- **Work task**: Output all the data exactly. Pictures do not belong in the copy.

- **Input data**:
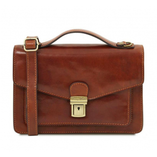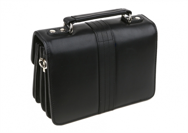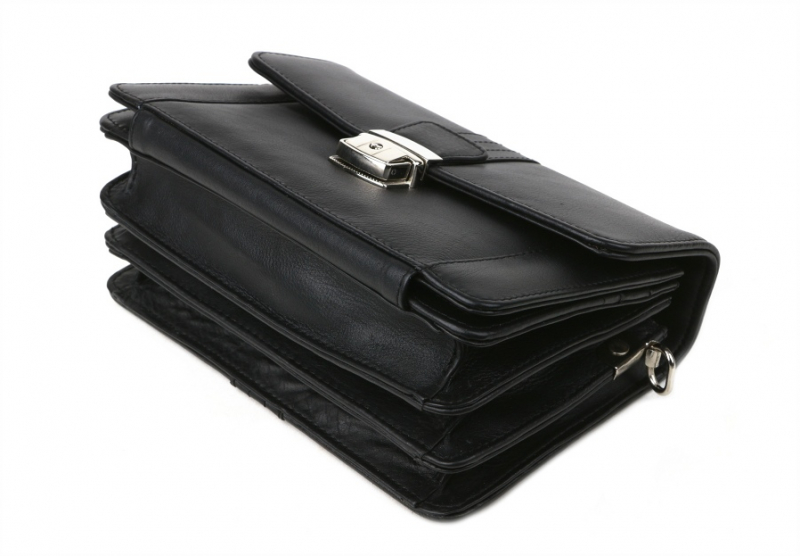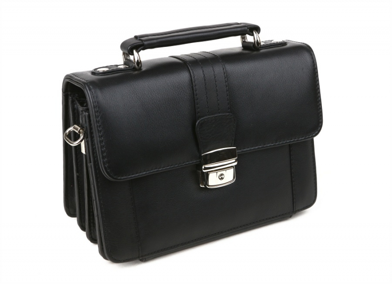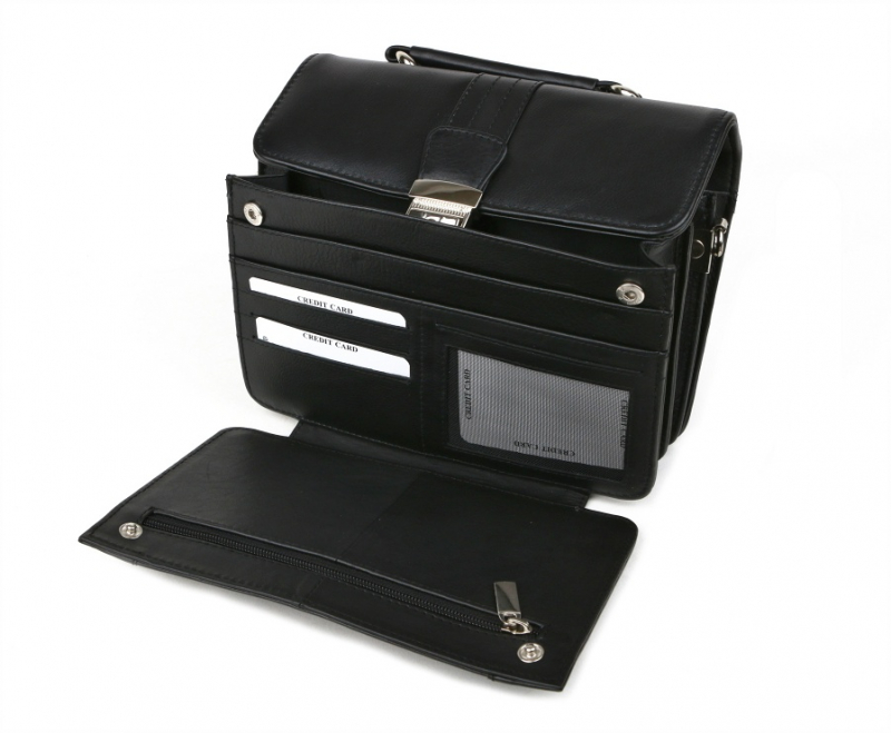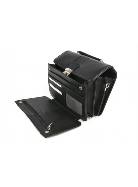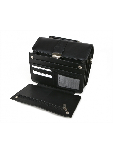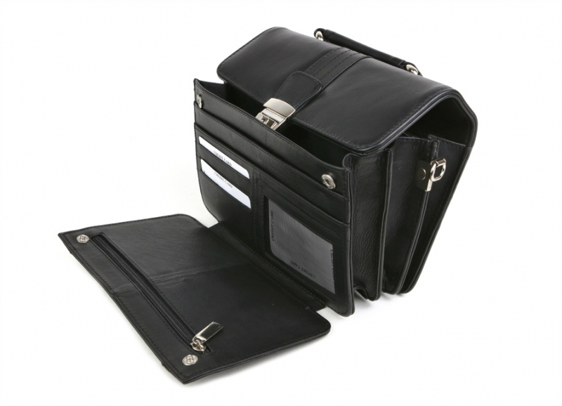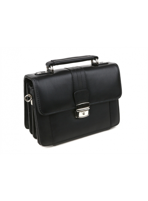 Pánska kožená taška na doklady s hornou rúčkou, bočnným remienkom a dlhým remienkom pre nosenie na ramene - väčší typ s 3 vnútornými oddeleniami a predným odopínacím organizérom. Vyrobená s hladkej kože s luxusným dizajnom.
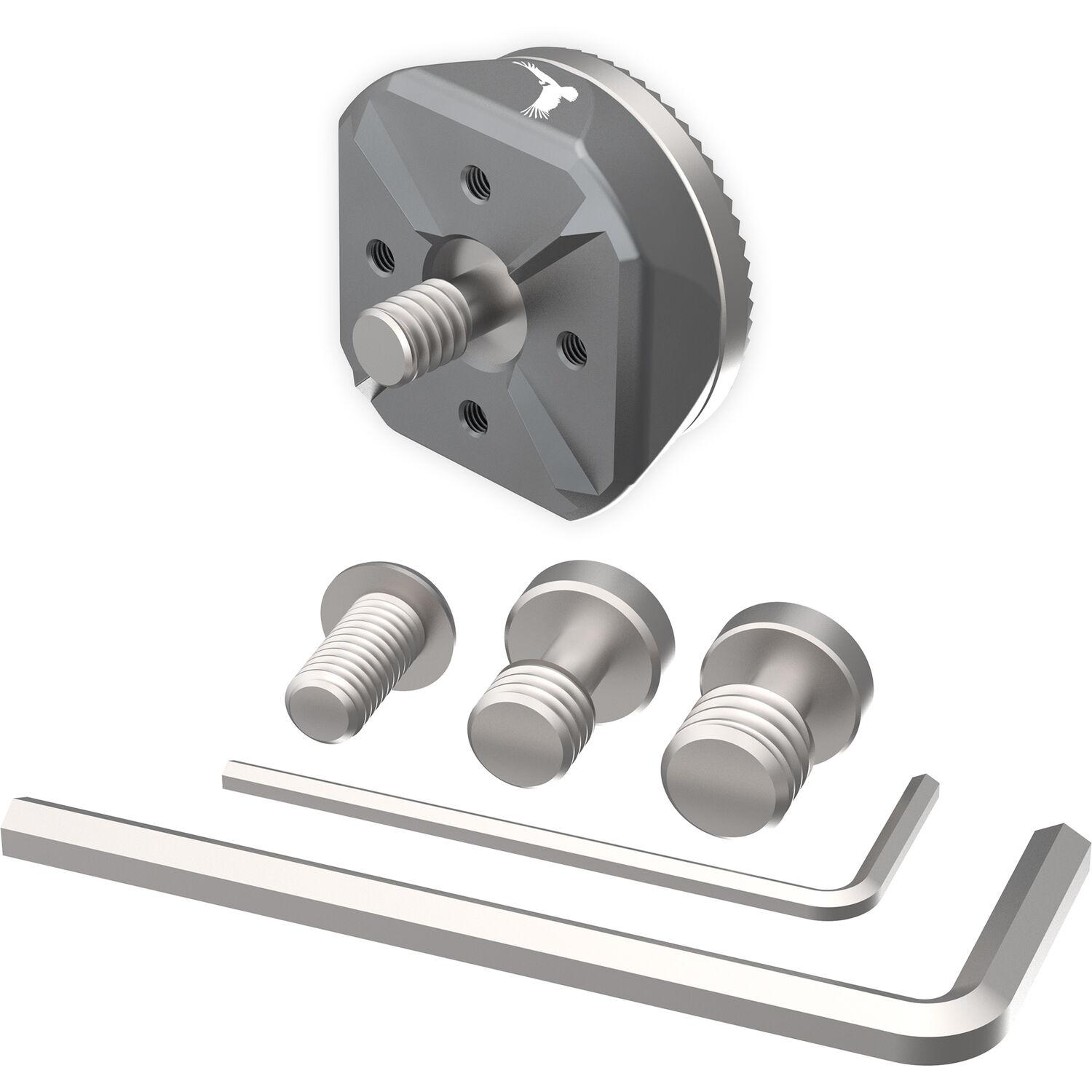 This Tripod Rosette Adapter from KONDOR BLUE has been designed and tested to work with virtually any tripod rosette. It includes the most common mounting bolt sizes for tripod rosette adapters: 1/4"-20, 3/8"-16, M6, and M8. Once you've matched the bolt to your setup, install it into the camera tripod mount adapter, then secure the ARRI-style rosette using the included 4x M3 x 8mm flat-head bolts. The adapter features a captive bolt design.
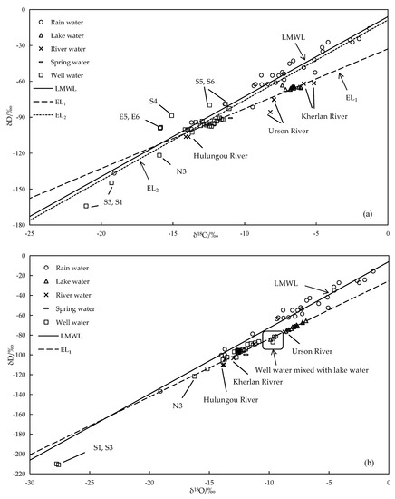 The relationships between the hydrogen and oxygen isotopes in precipitation, water, river, well and spring in the Lake Hulun area during the non-frozen period are shown in Figure 4a. Although the values of δD and δ18O in the lake and river water both fall below the LMWL, the values of δD and δ18O for the lake water are more stable and intense than that of those for the river water. This suggests that the wide lake surface of Lake Hulun is subject to strong evaporation, leading to excessive fractionation of the isotopes. It accords with the fact that Lake Hulun is located in an arid/ semi-arid area where evaporation is greater than precipitation. The following EL1 equation for the evaporation trend line for the Lake Hulun area is thus obtained through a regression analysis of the hydrogen and oxygen isotope levels in the lake and its inflowing rivers.

- **Output below**:
 Pánska kožená taška na doklady s hornou rúčkou, bočnným remienkom a dlhým remienkom pre nosenie na ramene - väčší typ s 3 vnútornými oddeleniami a predným odopínacím organizérom. Vyrobená s hladkej kože s luxusným dizajnom.
 This Tripod Rosette Adapter from KONDOR BLUE has been designed and tested to work with virtually any tripod rosette. It includes the most common mounting bolt sizes for tripod rosette adapters: 1/4"-20, 3/8"-16, M6, and M8. Once you've matched the bolt to your setup, install it into the camera tripod mount adapter, then secure the ARRI-style rosette using the included 4x M3 x 8mm flat-head bolts. The adapter features a captive bolt design.
 The relationships between the hydrogen and oxygen isotopes in precipitation, water, river, well and spring in the Lake Hulun area during the non-frozen period are shown in Figure 4a. Although the values of δD and δ18O in the lake and river water both fall below the LMWL, the values of δD and δ18O for the lake water are more stable and intense than that of those for the river water. This suggests that the wide lake surface of Lake Hulun is subject to strong evaporation, leading to excessive fractionation of the isotopes. It accords with the fact that Lake Hulun is located in an arid/ semi-arid area where evaporation is greater than precipitation. The following EL1 equation for the evaporation trend line for the Lake Hulun area is thus obtained through a regression analysis of the hydrogen and oxygen isotope levels in the lake and its inflowing rivers.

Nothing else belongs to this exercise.